Business news from Ukraine

Das US-Landwirtschaftsministerium hat seine Prognose für die Maisausfuhren aus der Ukraine im Wirtschaftsjahr 2025–2026 bei 22 Mio. t belassen

Das US-Landwirtschaftsministerium (USDA) hat in seinem Bericht vom April die Prognose für die Maisernte in der Ukraine im Wirtschaftsjahr 2025–2026 unverändert bei 30,7 Mio. Tonnen und die Exportprognose bei 22,0 Mio. Tonnen belassen.
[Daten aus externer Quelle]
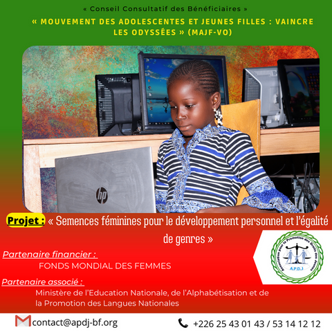 RESUME : Stratégies formatives pour contribuer à transformer les faiblesses des adolescentes et jeunes filles en forces afin qu’elles soient en charge de leur avenir, dans toute sa splendeur et sa puissance, et de toutes les façons qu’elles le veulent. Le projet se veut de construire avec elles les meilleures manières d’exploiter tous leurs potentiels en permanence.
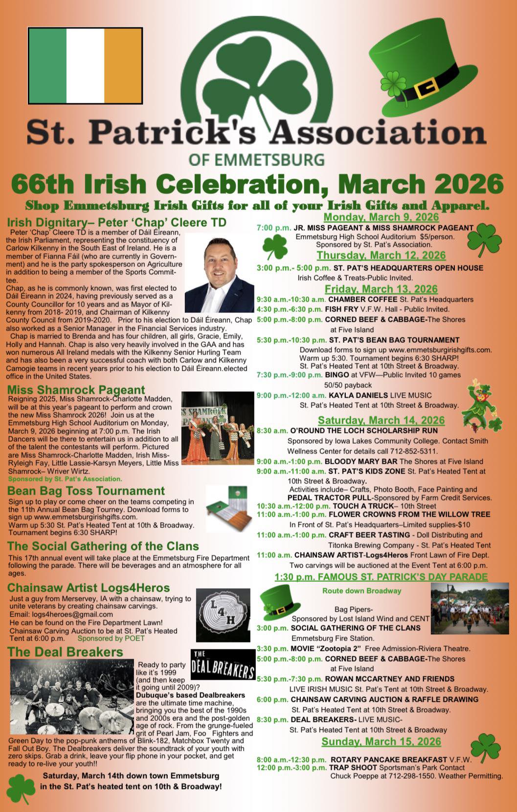 EmmetsburgIrishGifts.com for more information on Peter Chap Cleere and check out St Pat’s Association on Facebook for the full schedule of the 66th Annual St Patrick’s Association of Emmetsburg Irish Celebration.
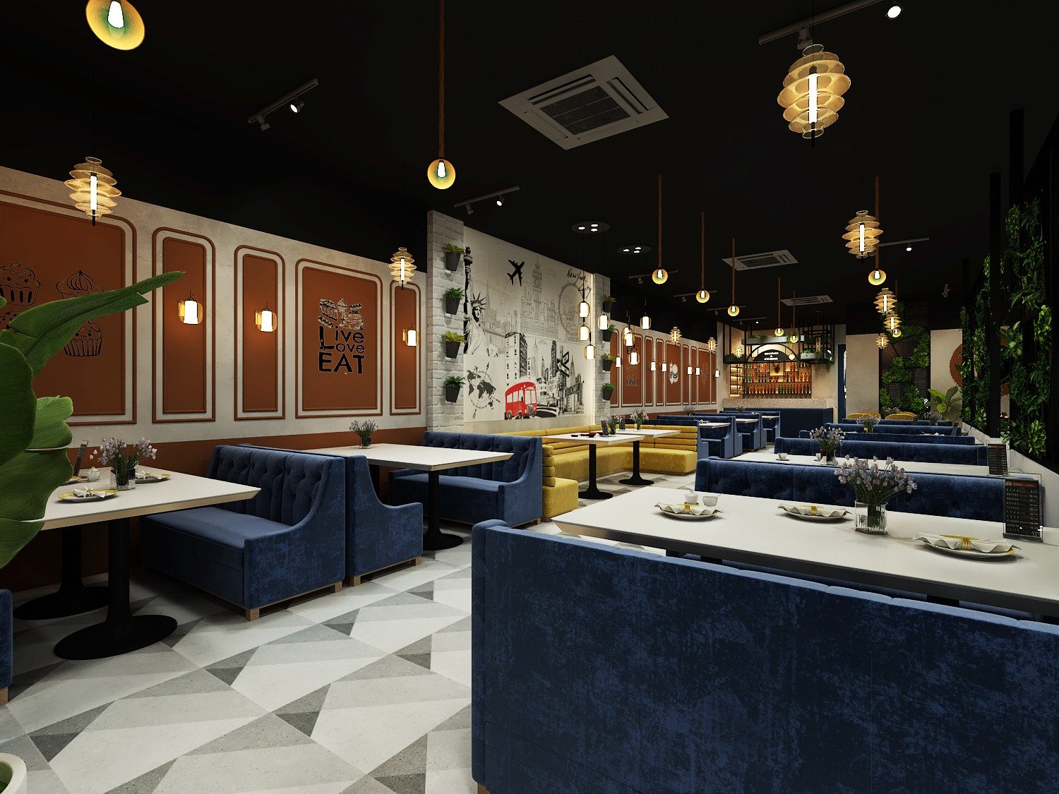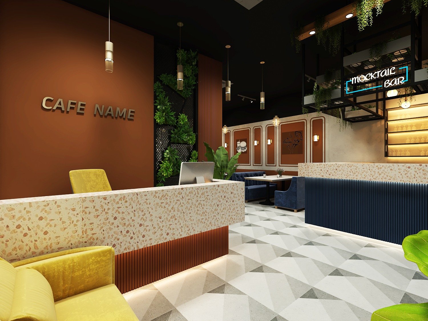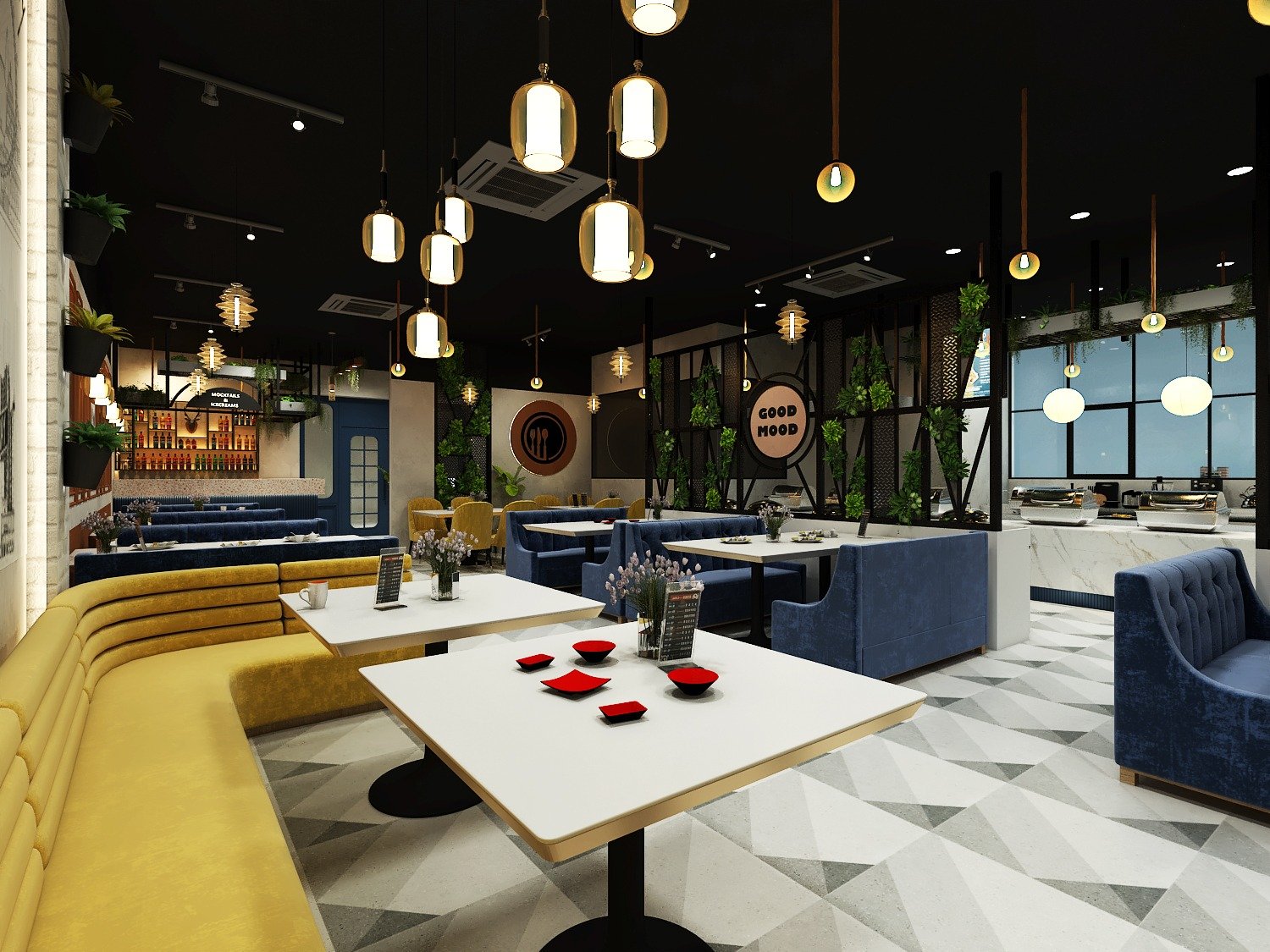 Designed with a stylish blend of modern décor and warm lighting, creating a welcoming atmosphere.

Die Schätzung der Endbestände an Mais in der Ukraine wurde ebenfalls nicht revidiert und beläuft sich auf 2,95 Mio. Tonnen.
Auf globaler Ebene hat das USDA die Prognose für die Maisproduktion im Wirtschaftsjahr 2025–2026 auf 1.301,07 Mio. Tonnen, für die Exporte auf 207,29 Mio. Tonnen und für die Endbestände auf 294,81 Mio. Tonnen angehoben. Die Anpassungen im Maissegment im Aprilbericht führt die Behörde hauptsächlich auf Südafrika zurück, wo die Ernte- und Exportprognosen angehoben wurden, während die Zahlen für Argentinien und Brasilien unverändert blieben.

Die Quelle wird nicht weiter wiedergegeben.